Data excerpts
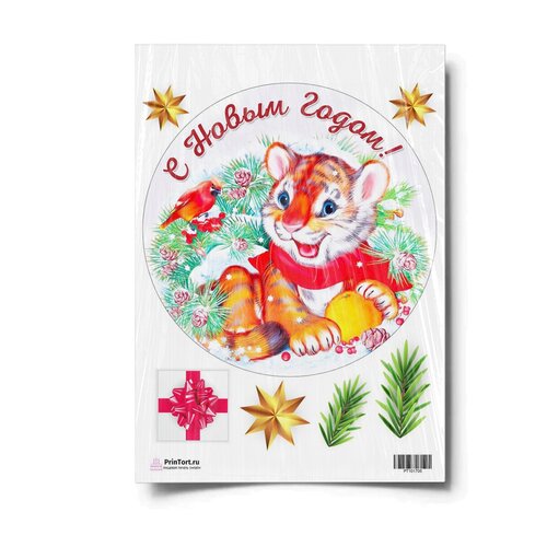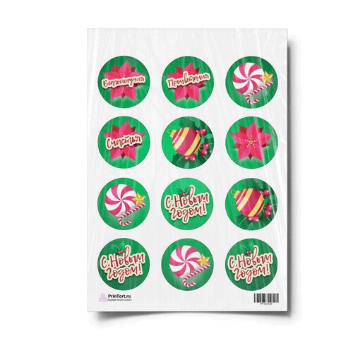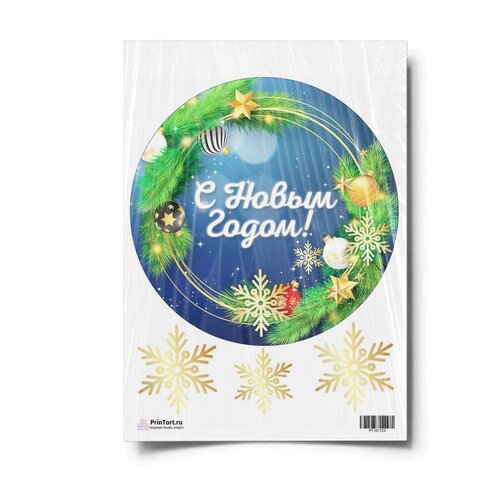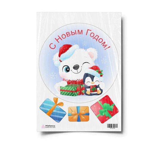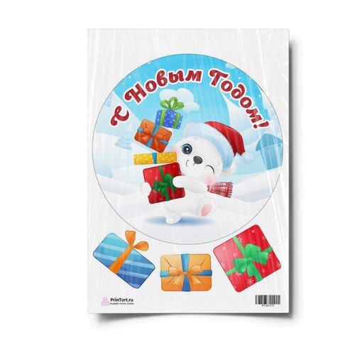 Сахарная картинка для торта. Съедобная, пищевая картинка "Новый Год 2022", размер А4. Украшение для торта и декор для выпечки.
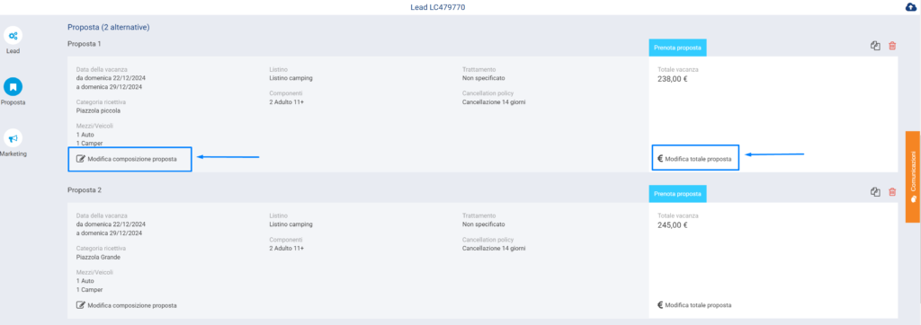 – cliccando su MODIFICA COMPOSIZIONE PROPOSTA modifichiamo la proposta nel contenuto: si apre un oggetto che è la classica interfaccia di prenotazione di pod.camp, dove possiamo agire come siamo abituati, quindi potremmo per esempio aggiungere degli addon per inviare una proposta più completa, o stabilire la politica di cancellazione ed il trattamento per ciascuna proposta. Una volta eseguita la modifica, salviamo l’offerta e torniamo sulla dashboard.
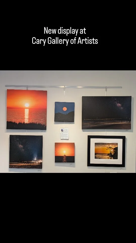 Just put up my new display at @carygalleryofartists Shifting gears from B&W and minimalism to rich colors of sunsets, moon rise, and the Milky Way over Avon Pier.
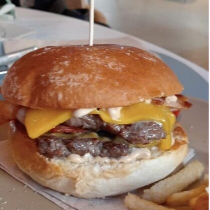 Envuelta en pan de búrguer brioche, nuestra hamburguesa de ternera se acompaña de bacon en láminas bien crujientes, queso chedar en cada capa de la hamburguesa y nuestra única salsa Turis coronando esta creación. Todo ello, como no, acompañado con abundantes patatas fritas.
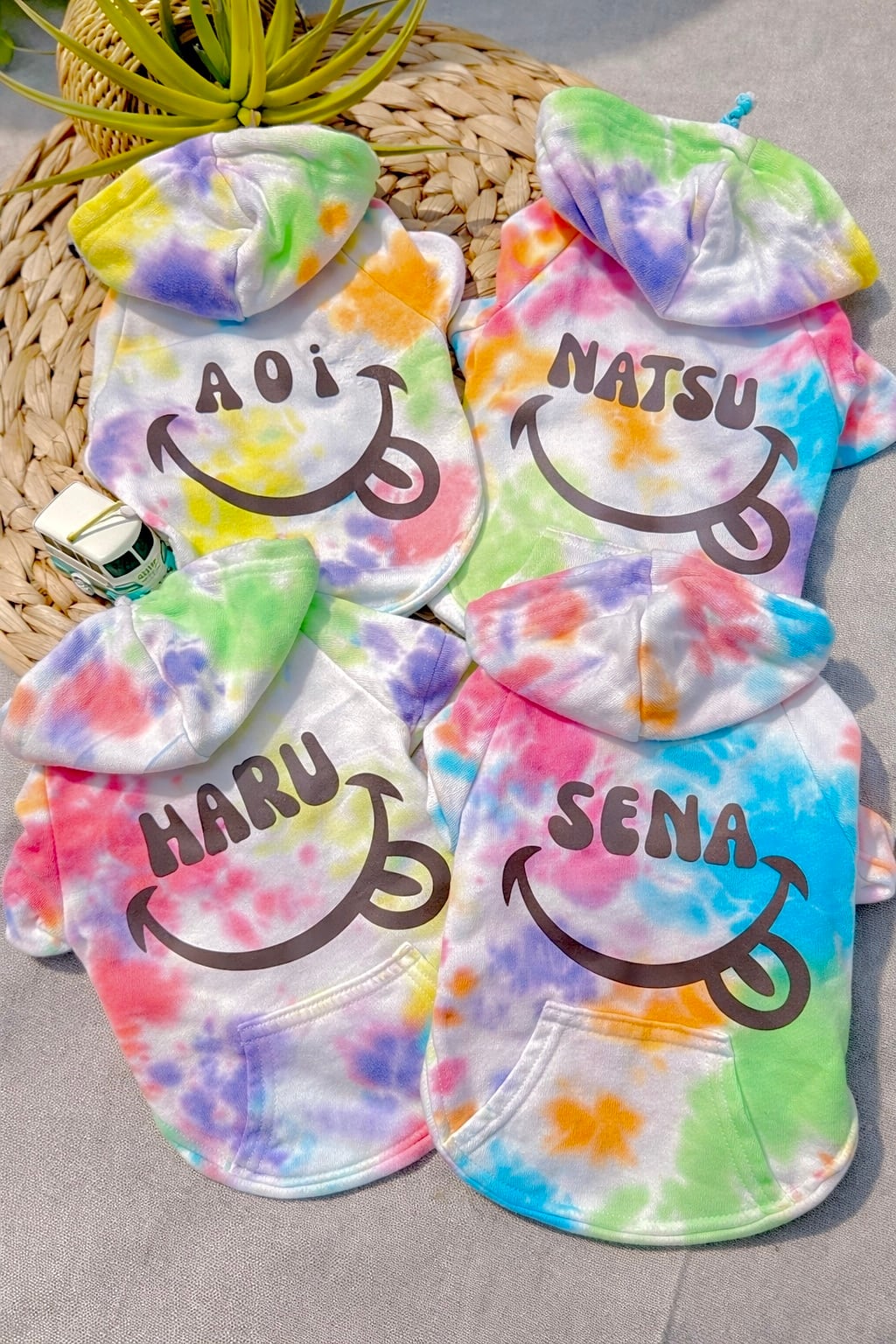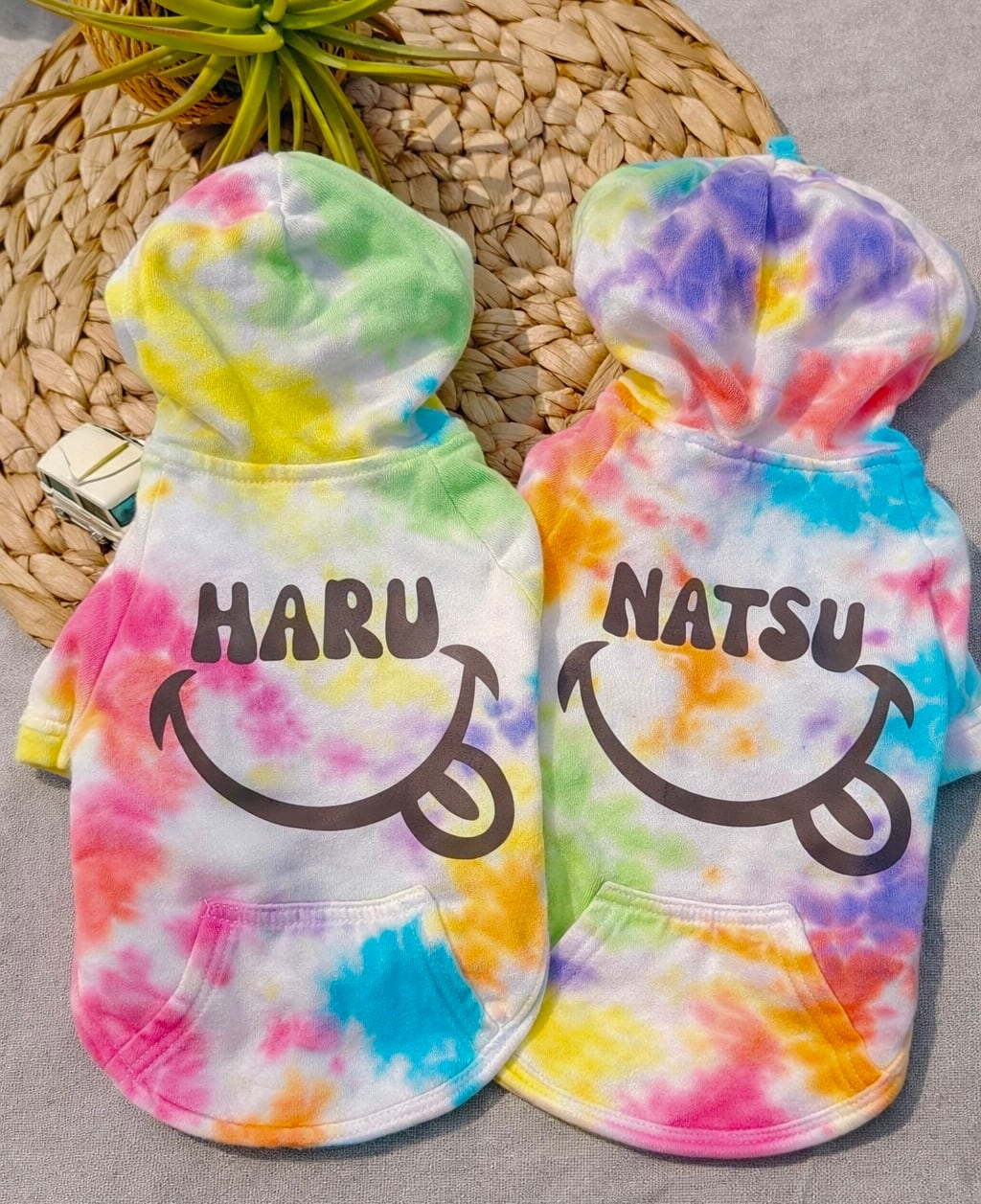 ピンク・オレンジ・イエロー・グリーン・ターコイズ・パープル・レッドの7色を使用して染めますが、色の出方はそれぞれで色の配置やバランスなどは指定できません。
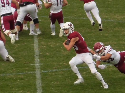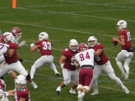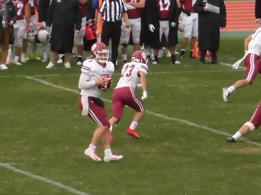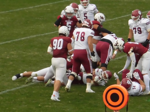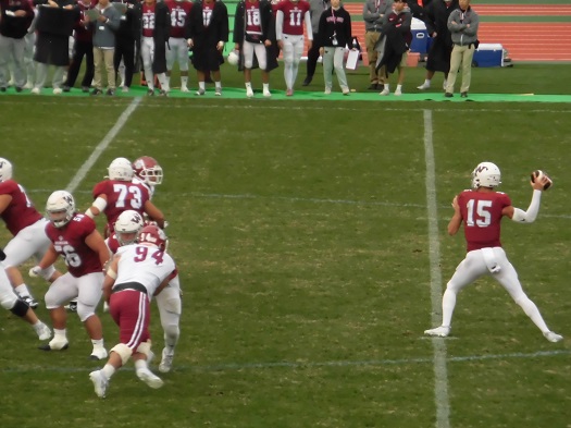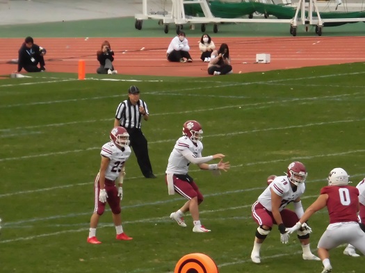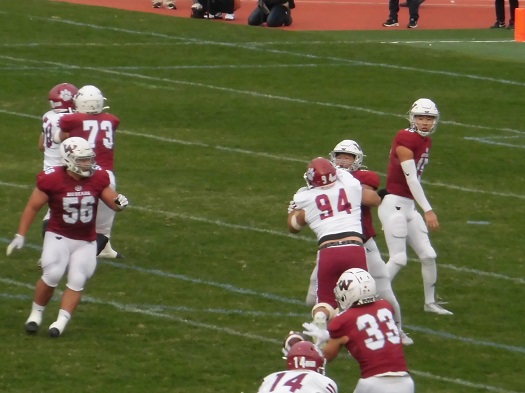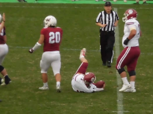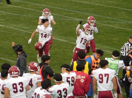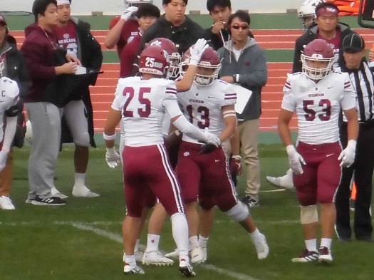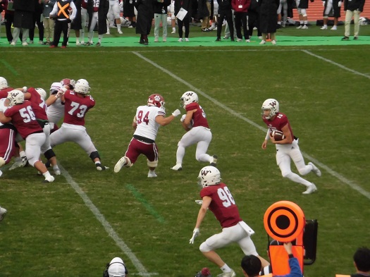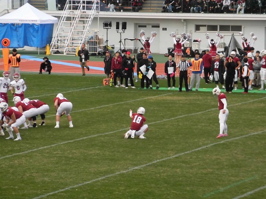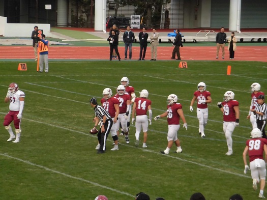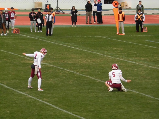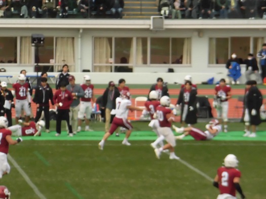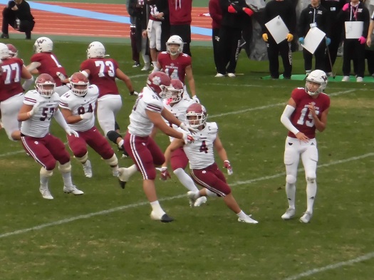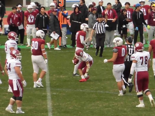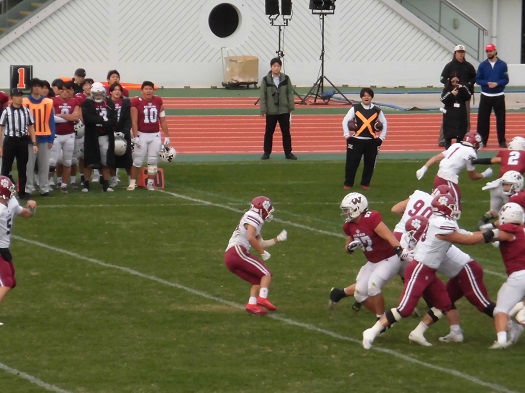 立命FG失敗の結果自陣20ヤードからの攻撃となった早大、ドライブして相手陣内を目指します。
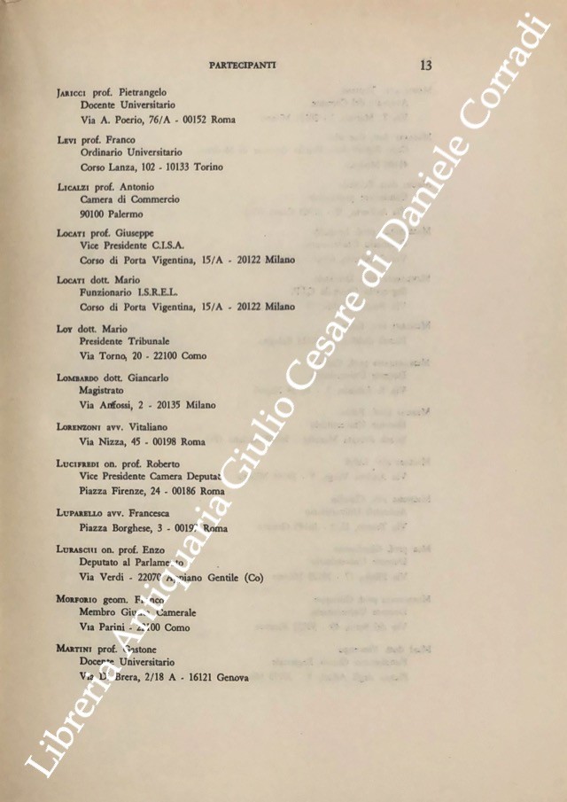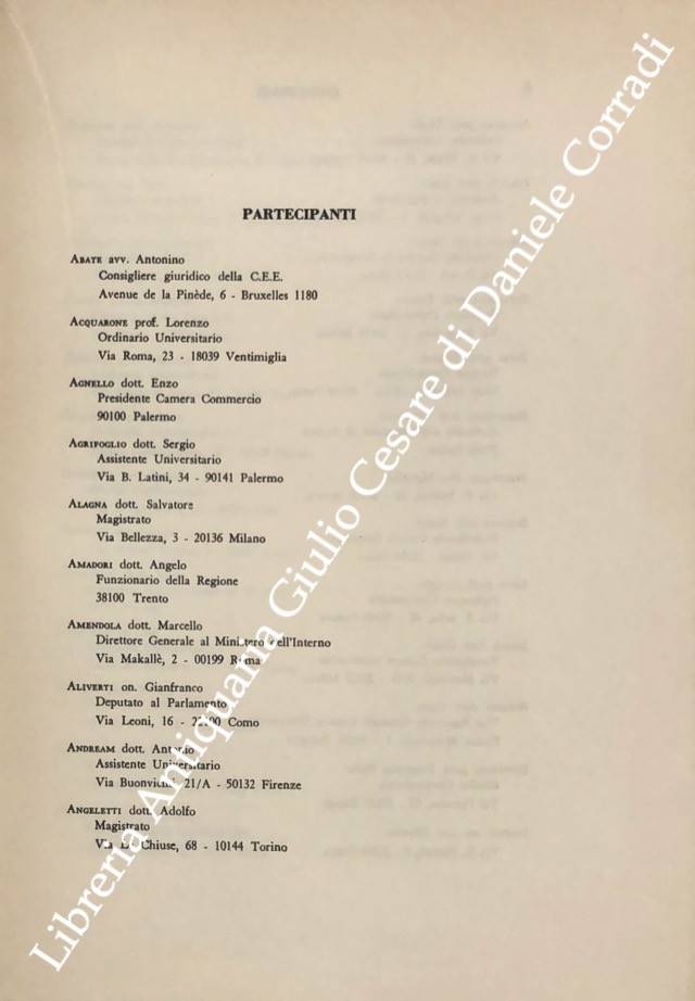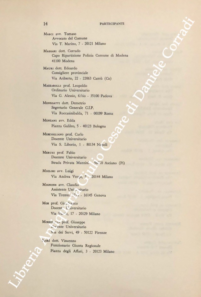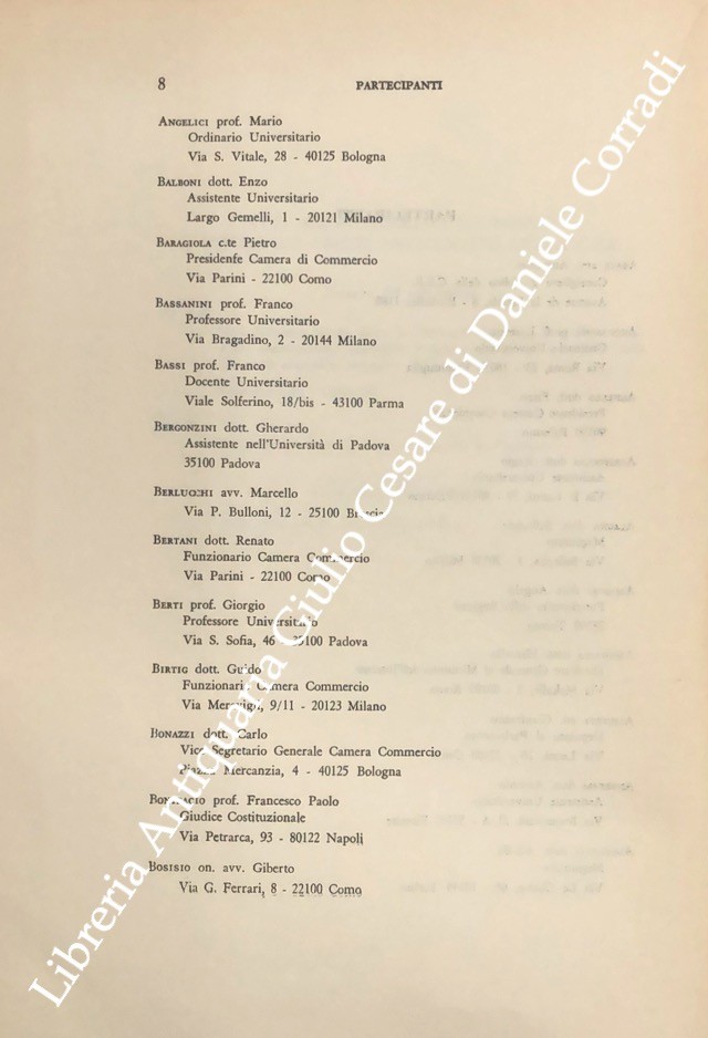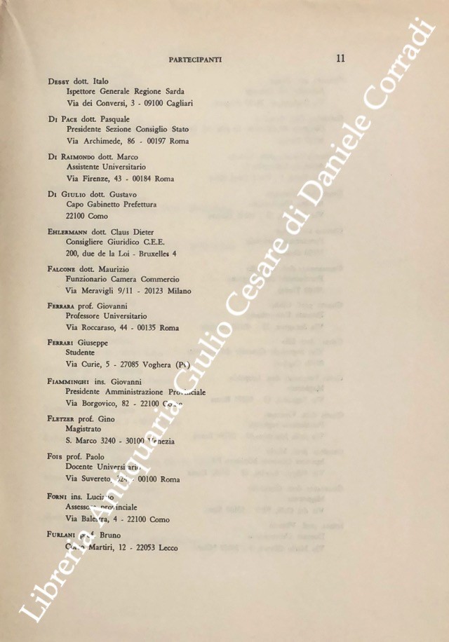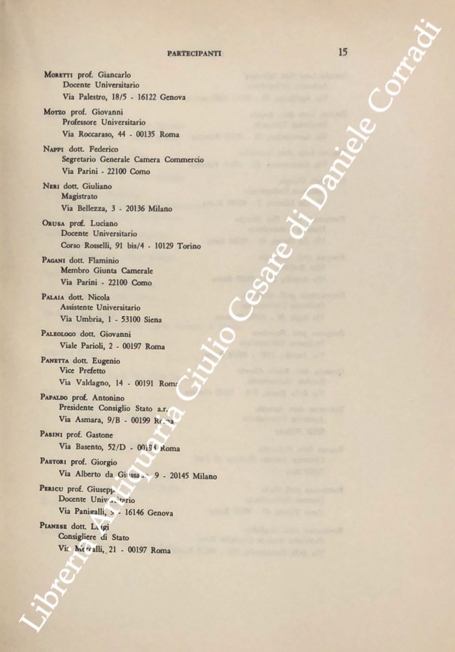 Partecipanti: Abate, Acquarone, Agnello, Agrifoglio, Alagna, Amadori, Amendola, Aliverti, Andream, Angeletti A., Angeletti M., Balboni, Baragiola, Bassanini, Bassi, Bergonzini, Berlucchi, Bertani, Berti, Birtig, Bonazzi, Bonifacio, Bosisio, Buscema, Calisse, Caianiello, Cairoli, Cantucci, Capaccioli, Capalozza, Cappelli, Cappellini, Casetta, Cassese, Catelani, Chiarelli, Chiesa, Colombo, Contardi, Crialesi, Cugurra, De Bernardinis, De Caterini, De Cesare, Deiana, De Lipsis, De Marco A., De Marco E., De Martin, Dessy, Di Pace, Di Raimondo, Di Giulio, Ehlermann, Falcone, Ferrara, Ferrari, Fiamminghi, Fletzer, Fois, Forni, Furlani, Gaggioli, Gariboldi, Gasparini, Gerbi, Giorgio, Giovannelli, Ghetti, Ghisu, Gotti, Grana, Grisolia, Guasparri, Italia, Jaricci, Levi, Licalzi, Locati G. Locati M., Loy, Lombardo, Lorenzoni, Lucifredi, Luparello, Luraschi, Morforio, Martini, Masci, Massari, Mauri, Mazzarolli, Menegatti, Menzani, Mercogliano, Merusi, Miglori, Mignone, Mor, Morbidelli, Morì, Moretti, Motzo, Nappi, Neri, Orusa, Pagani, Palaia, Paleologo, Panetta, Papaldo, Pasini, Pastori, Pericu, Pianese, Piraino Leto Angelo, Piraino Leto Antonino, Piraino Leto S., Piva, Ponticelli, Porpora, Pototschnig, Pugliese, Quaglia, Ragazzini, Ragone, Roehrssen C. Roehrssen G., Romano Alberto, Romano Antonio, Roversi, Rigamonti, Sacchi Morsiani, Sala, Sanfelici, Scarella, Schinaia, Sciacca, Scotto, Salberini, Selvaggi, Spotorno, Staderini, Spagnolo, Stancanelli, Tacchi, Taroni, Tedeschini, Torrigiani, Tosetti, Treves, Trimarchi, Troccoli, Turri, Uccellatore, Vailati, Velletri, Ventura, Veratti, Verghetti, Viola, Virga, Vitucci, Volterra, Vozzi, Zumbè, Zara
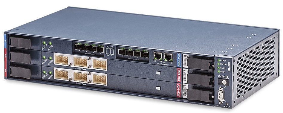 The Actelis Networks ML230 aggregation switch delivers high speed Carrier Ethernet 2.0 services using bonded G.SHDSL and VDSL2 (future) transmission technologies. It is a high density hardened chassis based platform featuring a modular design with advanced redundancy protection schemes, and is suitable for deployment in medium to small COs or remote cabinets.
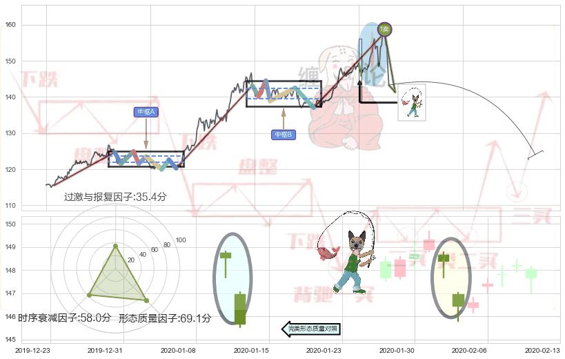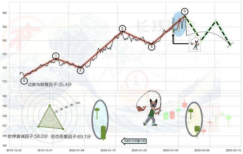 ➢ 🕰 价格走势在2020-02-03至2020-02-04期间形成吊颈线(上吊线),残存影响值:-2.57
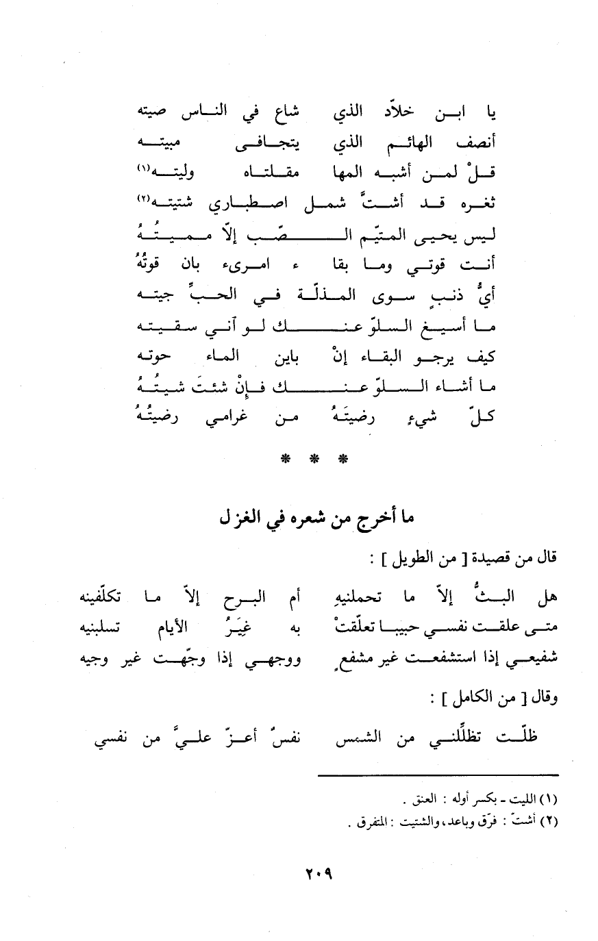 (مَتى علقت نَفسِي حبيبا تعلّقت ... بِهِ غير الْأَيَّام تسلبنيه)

■ What this task involves: Restate exactly, please, only the lines between the start of the data and the line containing "立命FG失敗の結果自陣20ヤ", both ends included, skipping the pictures.

■ Solution to the exercise:
 Сахарная картинка для торта. Съедобная, пищевая картинка "Новый Год 2022", размер А4. Украшение для торта и декор для выпечки.
 – cliccando su MODIFICA COMPOSIZIONE PROPOSTA modifichiamo la proposta nel contenuto: si apre un oggetto che è la classica interfaccia di prenotazione di pod.camp, dove possiamo agire come siamo abituati, quindi potremmo per esempio aggiungere degli addon per inviare una proposta più completa, o stabilire la politica di cancellazione ed il trattamento per ciascuna proposta. Una volta eseguita la modifica, salviamo l’offerta e torniamo sulla dashboard.
 Just put up my new display at @carygalleryofartists Shifting gears from B&W and minimalism to rich colors of sunsets, moon rise, and the Milky Way over Avon Pier.
 Envuelta en pan de búrguer brioche, nuestra hamburguesa de ternera se acompaña de bacon en láminas bien crujientes, queso chedar en cada capa de la hamburguesa y nuestra única salsa Turis coronando esta creación. Todo ello, como no, acompañado con abundantes patatas fritas.
 ピンク・オレンジ・イエロー・グリーン・ターコイズ・パープル・レッドの7色を使用して染めますが、色の出方はそれぞれで色の配置やバランスなどは指定できません。
 立命FG失敗の結果自陣20ヤードからの攻撃となった早大、ドライブして相手陣内を目指します。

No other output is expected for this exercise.